(Collected data entries)

↓↓↓

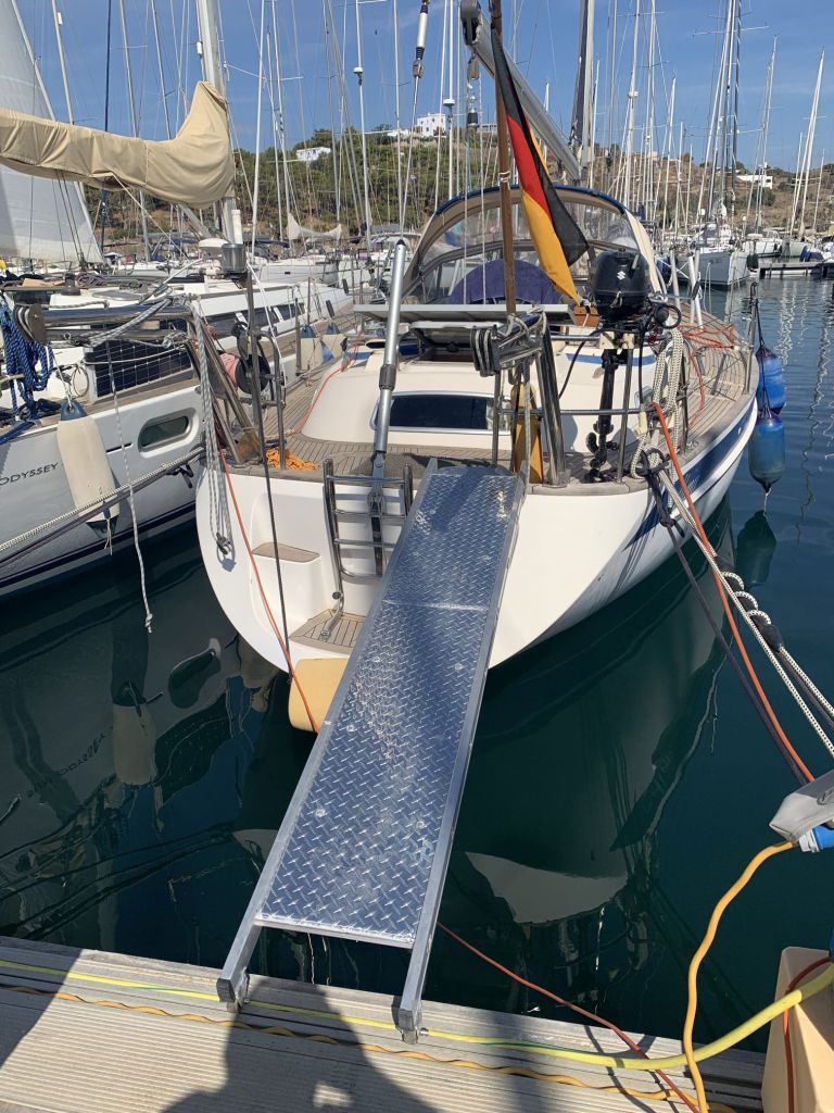 Um zu verhindern, dass Werner wegen seiner beschädigten Gangway ins Wasser fällt, musste Ersatz geschaffen werden. Werner und ich hatten vereinbart, an dieser Stelle keine 800.-€ zu investieren, sondern die Landbrücke aus einer Leiter selber zu bauen. Aber wie kommt Werner dann an und von Bord?
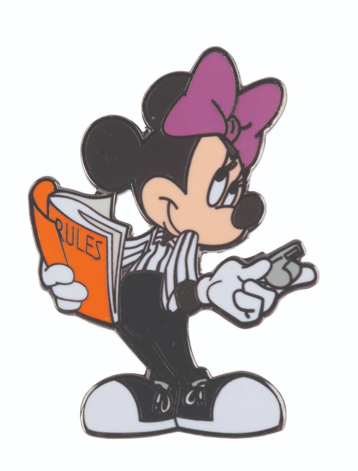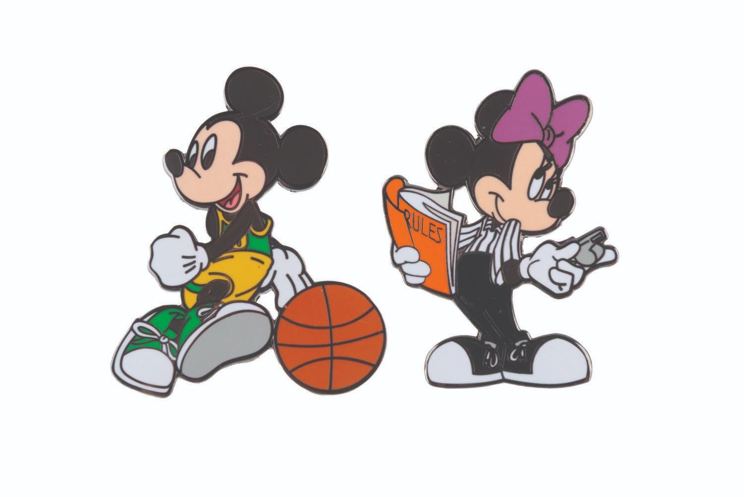 (Disney, 2003) A pair of pins of Mickey playing basketball and Minnie as a referee. These were released exclusively by Disney Catalog in a set with a limited edition of 3000. The pins are in fine condition.
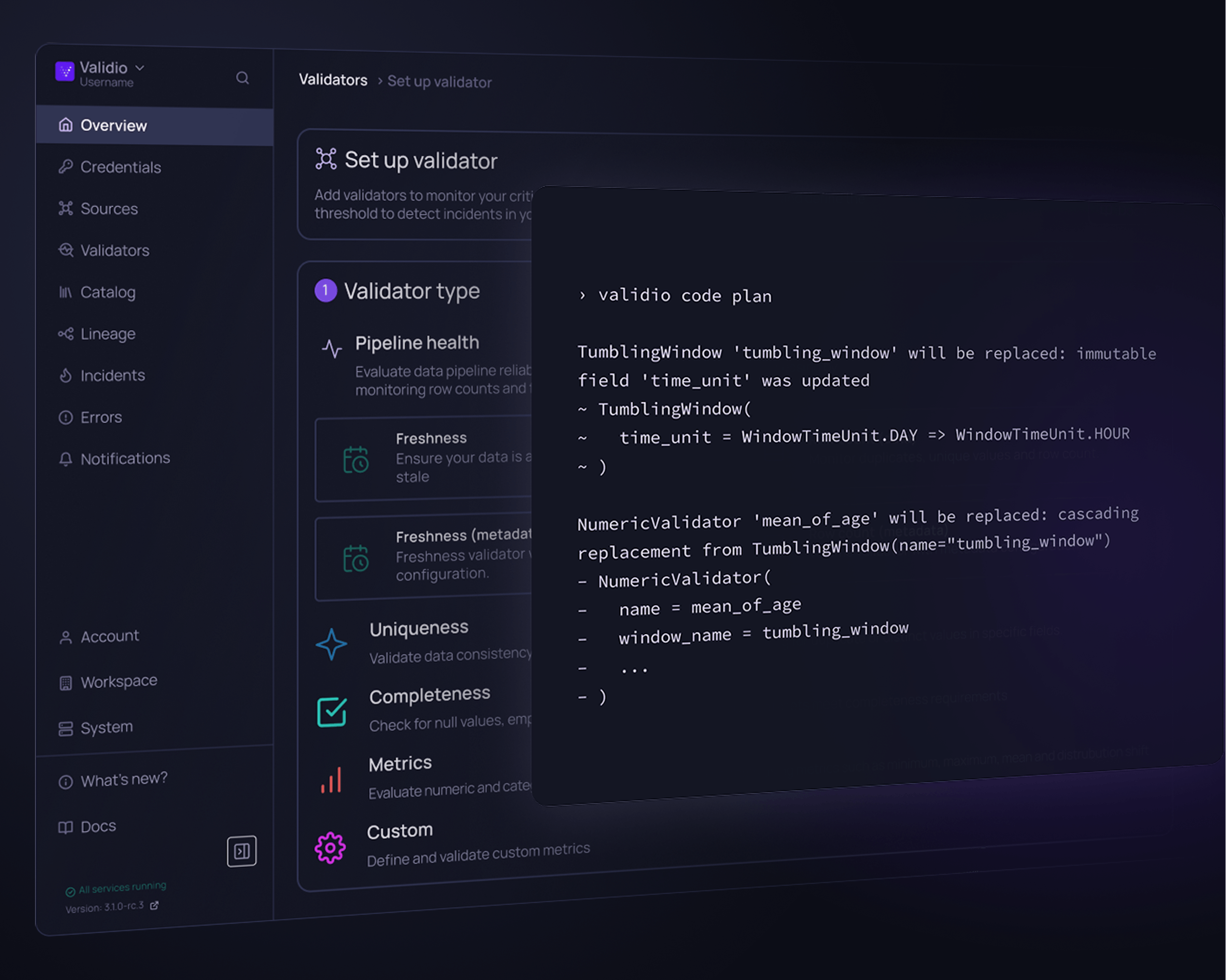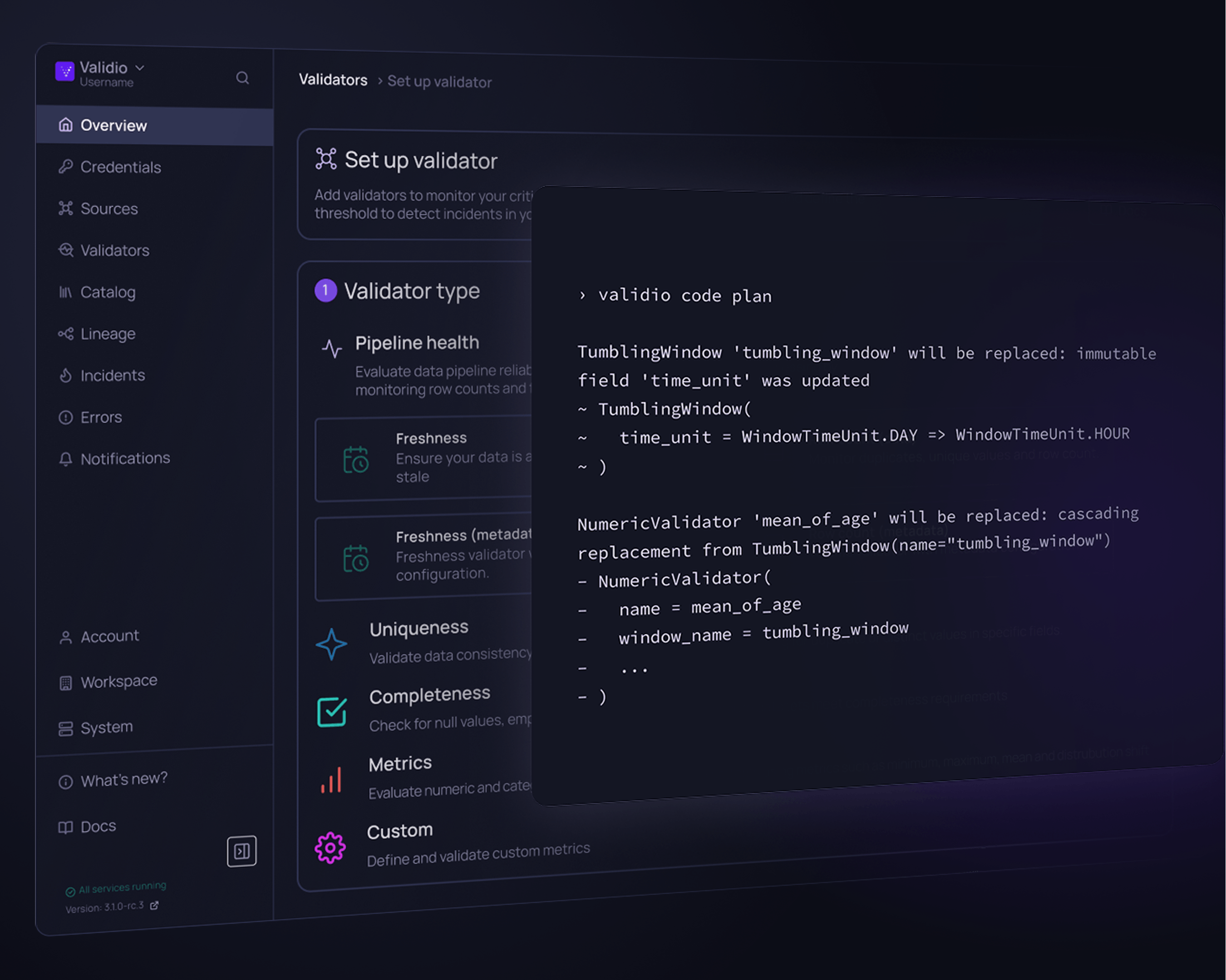 Validio integrates with every tool and service you could use in a modern data stack. And if in some incredible instance you have a tool we don’t work with - just ask and we’ll build it for you.
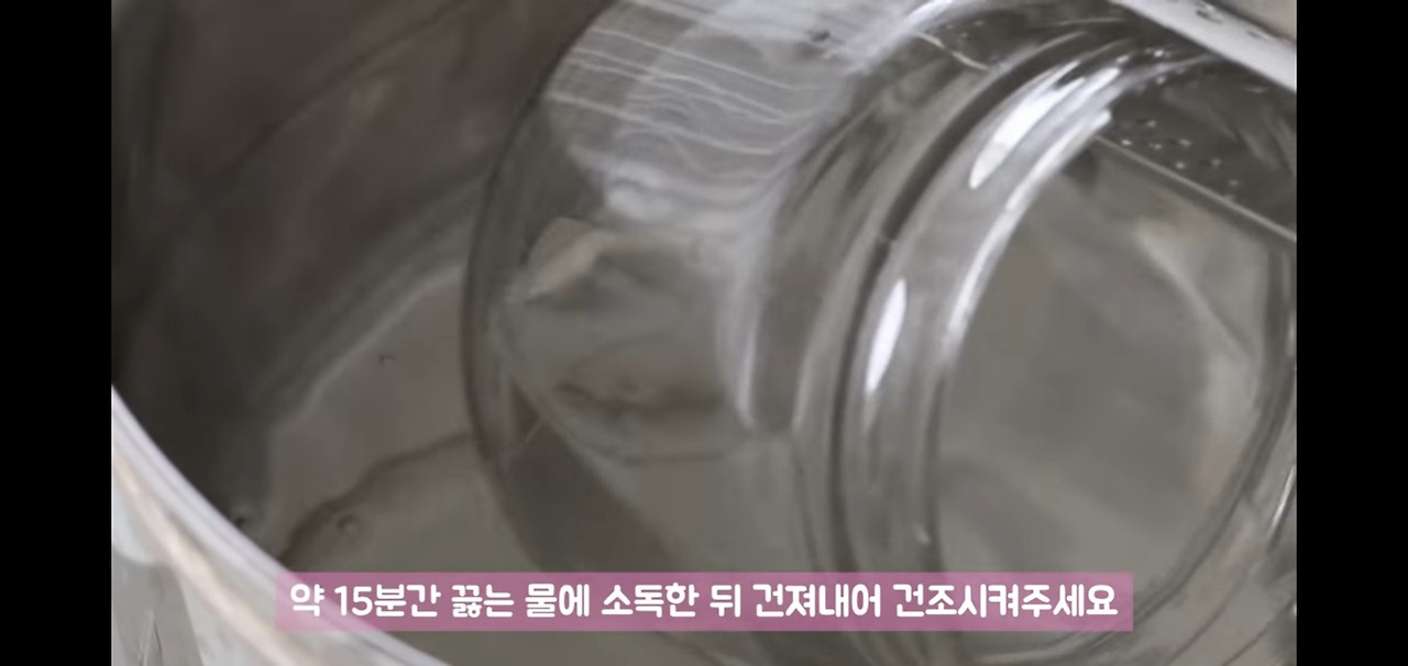 약 15분 정도 끓여 소독한 후, 유리병을 꺼내어 말려주세요. 이때 뜨거우니 집게를 사용하시는 것이 좋습니다.
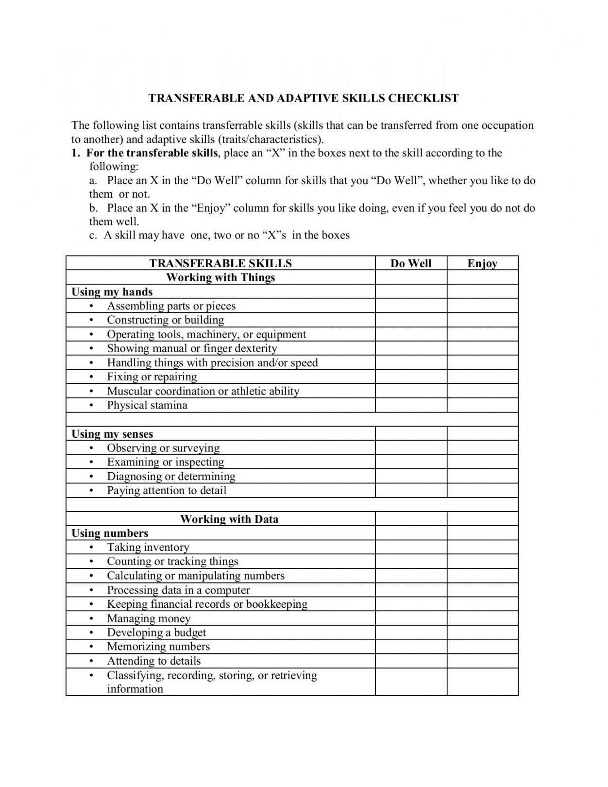 Skills checklist worksheet | Li…
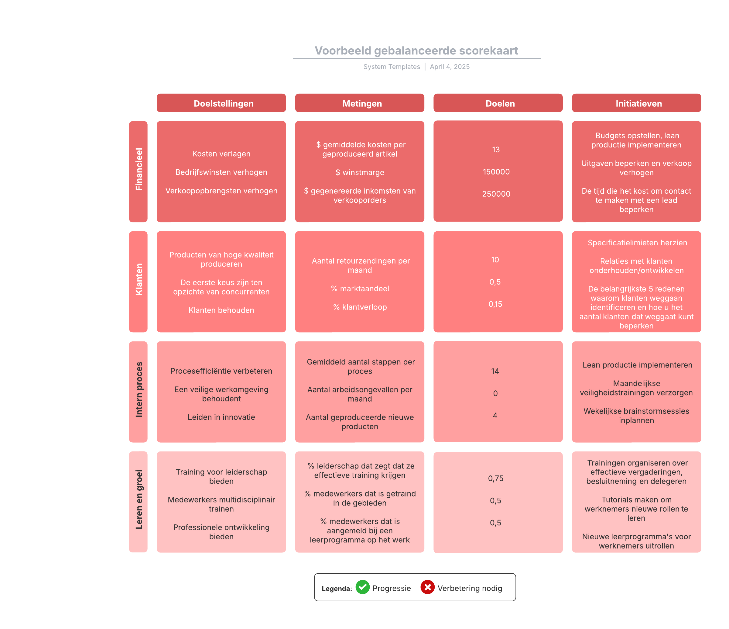 Open het voorbeeld van een balanced scorecard en pas het aan zodat het past bij jouw use case.
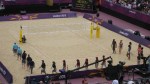 Beach Volleyball takes place in Horse guards parade, just down the road from the Queen’s humble abode. The Union Jack and the Olympic flags are lining the Mall. There are sand sculptures, practice courts and statues of famous volleyball athletes all around St. James’s Park. The main arena fits 15,000 spectators. Dancers in beachwear perform during timeouts and breaks, music plays the whole time and the announcer keeps the crowd laughing. Gamesmaker rakers even out the sand when needed and keep the court’s pink border visible.
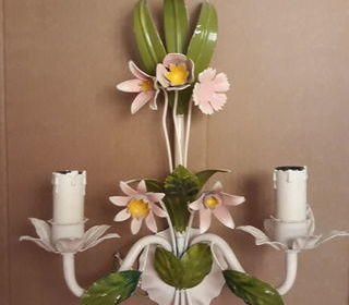Applique murale en métal double éclairage Vintage avec ses fleurs aux nuances de rose, ses feuilles aux dégradés de vert et ses bougies recevant deux ampoules (ampoules 40 watt ma
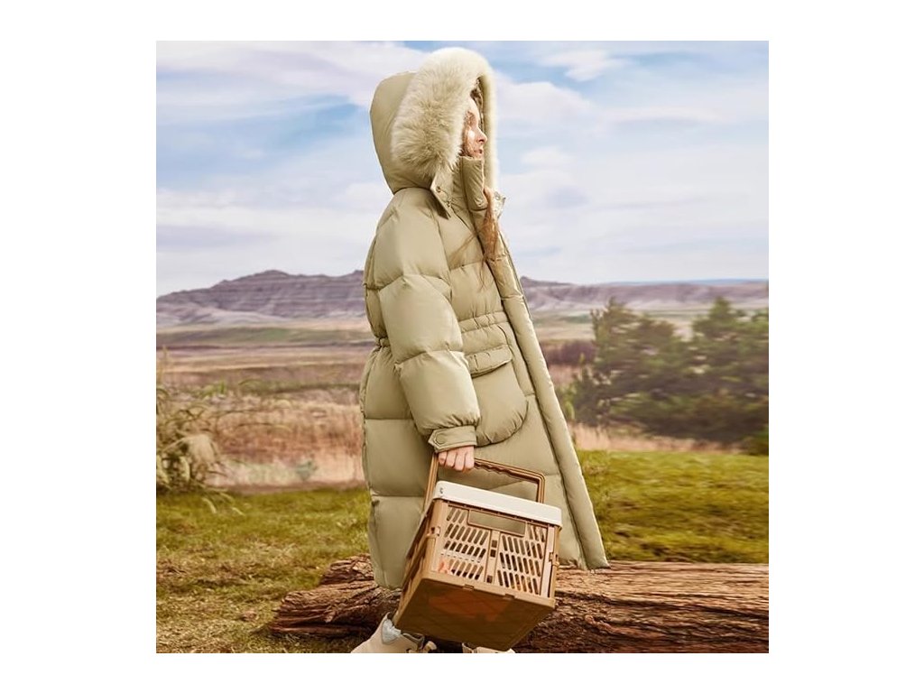 Kapuce s kožešinovým lemem dodává módní vzhled a zároveň poskytuje dodatečnou ochranu proti větru. Skrytý zip s knoflíkovou légou nabízí dvojitou ochranu proti chladu.
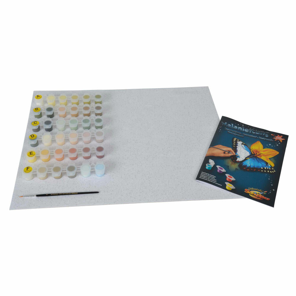 Im Lieferumfang enthalten: Stabiler Malkarton mit Leinenstruktur 40 x 50 cm, Acrylfarben auf Wasserbasis, feiner Malpinsel, Kontrollblatt, Anleitung
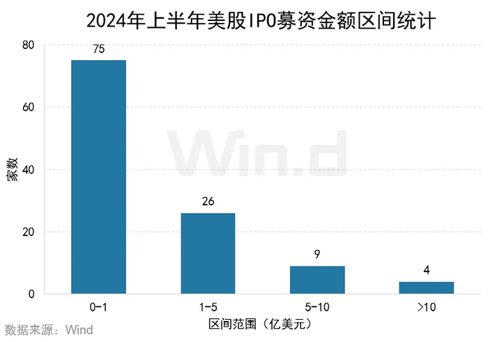 2024年上半年美股IPO融资金额在1亿美元及以下的数量共计75家,占到IPO总数的66%;融资规模在1-5亿美元区间的数量为26家,在5-10亿美元区间的为9家,10亿美元以上的为4家。

↑↑↑

What you should do: Once the pictures are set aside, reproduce the records in full and exactly.

Written response:
 Um zu verhindern, dass Werner wegen seiner beschädigten Gangway ins Wasser fällt, musste Ersatz geschaffen werden. Werner und ich hatten vereinbart, an dieser Stelle keine 800.-€ zu investieren, sondern die Landbrücke aus einer Leiter selber zu bauen. Aber wie kommt Werner dann an und von Bord?
 (Disney, 2003) A pair of pins of Mickey playing basketball and Minnie as a referee. These were released exclusively by Disney Catalog in a set with a limited edition of 3000. The pins are in fine condition.
 Validio integrates with every tool and service you could use in a modern data stack. And if in some incredible instance you have a tool we don’t work with - just ask and we’ll build it for you.
 약 15분 정도 끓여 소독한 후, 유리병을 꺼내어 말려주세요. 이때 뜨거우니 집게를 사용하시는 것이 좋습니다.
 Skills checklist worksheet | Li…
 Open het voorbeeld van een balanced scorecard en pas het aan zodat het past bij jouw use case.
 Beach Volleyball takes place in Horse guards parade, just down the road from the Queen’s humble abode. The Union Jack and the Olympic flags are lining the Mall. There are sand sculptures, practice courts and statues of famous volleyball athletes all around St. James’s Park. The main arena fits 15,000 spectators. Dancers in beachwear perform during timeouts and breaks, music plays the whole time and the announcer keeps the crowd laughing. Gamesmaker rakers even out the sand when needed and keep the court’s pink border visible.
Applique murale en métal double éclairage Vintage avec ses fleurs aux nuances de rose, ses feuilles aux dégradés de vert et ses bougies recevant deux ampoules (ampoules 40 watt ma
 Kapuce s kožešinovým lemem dodává módní vzhled a zároveň poskytuje dodatečnou ochranu proti větru. Skrytý zip s knoflíkovou légou nabízí dvojitou ochranu proti chladu.
 Im Lieferumfang enthalten: Stabiler Malkarton mit Leinenstruktur 40 x 50 cm, Acrylfarben auf Wasserbasis, feiner Malpinsel, Kontrollblatt, Anleitung
 2024年上半年美股IPO融资金额在1亿美元及以下的数量共计75家,占到IPO总数的66%;融资规模在1-5亿美元区间的数量为26家,在5-10亿美元区间的为9家,10亿美元以上的为4家。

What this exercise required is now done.